One of the most important ideas of modern linguistics is that it is possible to understand the way people understand, learn, and use language using mathematically precise, computational models. In recent years, such models have found their way into nearly every aspect of our lives, powering much of our interaction with our phones, tablets, and computers. Computational linguistics refers to the set of methods and tools used to develop such models.

These methods are generally deployed in one of two ways. First, they can be used scientifically as an aid to understand the consequences of the complex assumptions that are often made in theories of language learning or use. By formalizing hypotheses, we can deduce outcomes that would be difficult or impossible to understand without simulation and/or proof and we can often derive new kinds of predictions from our theories. Second, such implemented computational models are increasingly important as engineering tools in applications across the spectrum of technology.

At McGill, research in computational linguistics is strong in both scientific applications here in the linguistics department and engineering applications in the university more broadly, with strong links between the two. Here in the department we use a variety of computational tools and methods to study fundamental questions about language acquisition, processing, use in society, and change over time.

A strong focus of the research in the department is on structured probabilistic models of phonology, morphology, and syntax which make critical use of linguistic theories in these domains. We are also interested in how computational models of linguistic structure can interface with computational models of other areas of cognition, such as vision, intuitive physics, folk psychology, and audition. To build such models we often draw on the framework of probabilistic programming languages, but also make use a wide variety of other areas of machine learning and artificial intelligence. Our research also includes other areas of computational linguistics, such as formal language and automata theory and dynamical systems models of language variation and change.

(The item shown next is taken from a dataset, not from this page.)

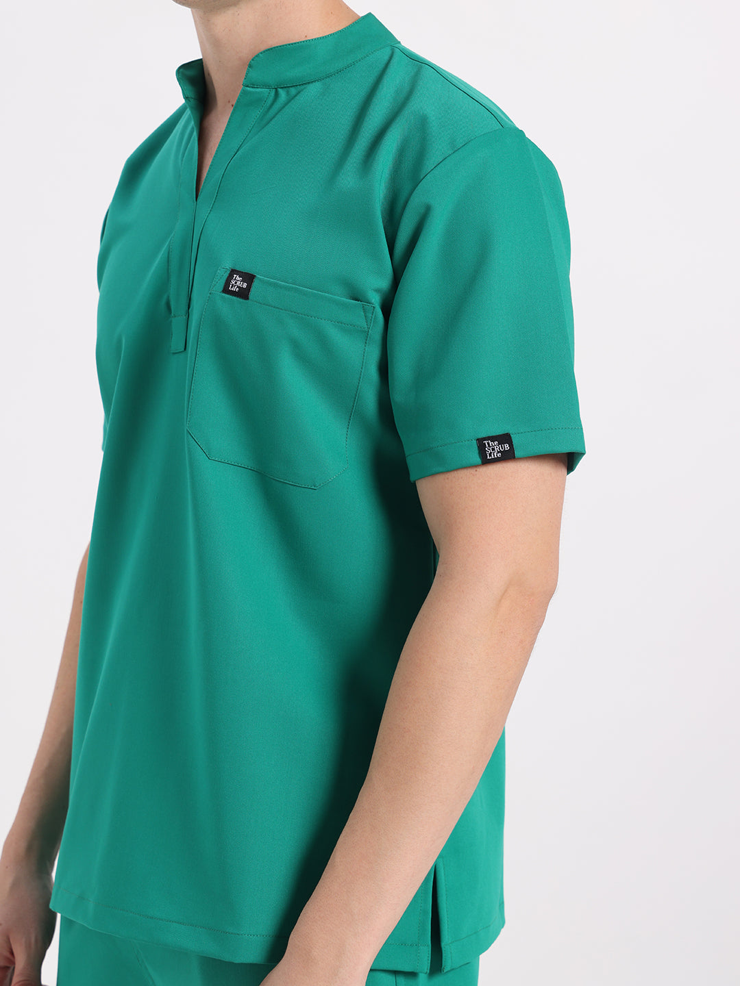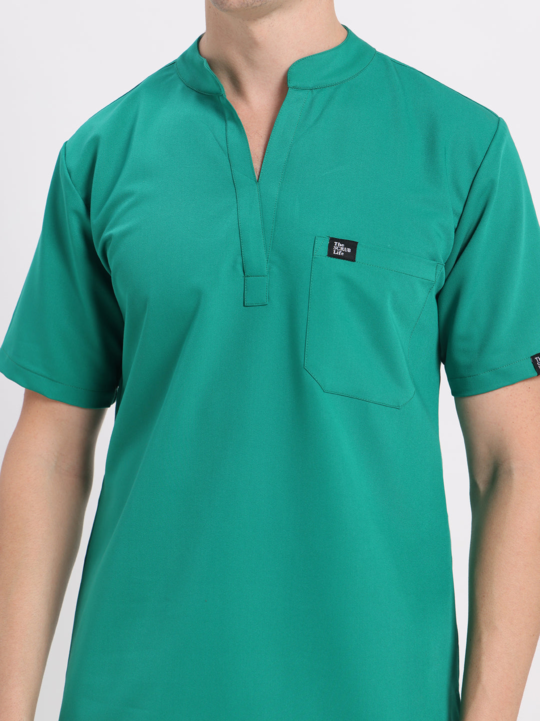 Stretchable (4Way) Male Mandarin Neck Sea Green Scrub Top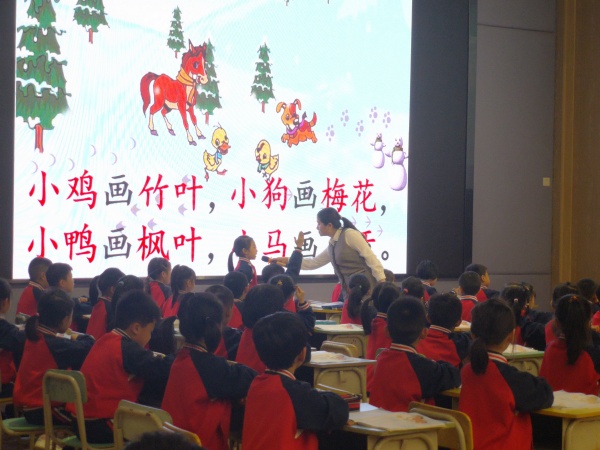 首先是课堂展示。宾老师巧妙地利用灵动的教学语言和丰富的肢体语言与学生交融在欢乐的课堂之中。让学生在轻松有趣的课堂游戏中朗读出小画家开心的心情。而邝老师则对一年级学生有声朗读切实可行的的方法指导,同时课堂中时刻不忘对学生进行识字方法和阅读方法的指导灌输。学生在邝老师的一步一步的引导下,理解了小画家为什么画的画不同,培养了学生提取信息的能力,以及在朗读中感受小画家的雪地里作画的乐趣。本课是一篇充满童趣的儿歌,两位老师都可以很好的把握文本特点,都充分调动了学生的主动性和积极性,课堂气氛活跃而轻松,做到了“同中求异,异中求同”,体现了教师良好的语文素养和扎实的教学基本功。

Our department has a special interest in formal tools and techniques for understanding the acoustic and articulatory realization of phonetics and phonology. In order to carry out “big data” studies of phonetics and phonology, we also build and apply tools for querying and analyzing large speech datasets. These tools use contemporary databases, machine learning, and speech recognition technology, in line with our more general interest in adapting powerful methods from computer science to analyze linguistic data. Some projects integrate and query large speech datasets (Speech Corpus Tools), align text and speech (Montreal Forced Aligner), and automatically measure phonetic variables (AutoVOT).

On the engineering side of computational linguistics, Jackie Cheung (Computer Science) uses statistical methods from artificial intelligence and machine learning to generate text and speech that is fluent and appropriate to context. Several of his group’s current projects include summarizing fiction, extracting events from text, and adapting language across genres. Derek Ruths (Computer Science) analyzes large-scale human behavior using data from Twitter and other online forums. McGill also has a strong Digital Humanities community, led by faculty Andrew Piper and Stéfan Sinclair (Languages, Literatures, and Cultures), who analyze a variety of types of textual data using computational methods to address questions about literature, culture, and society.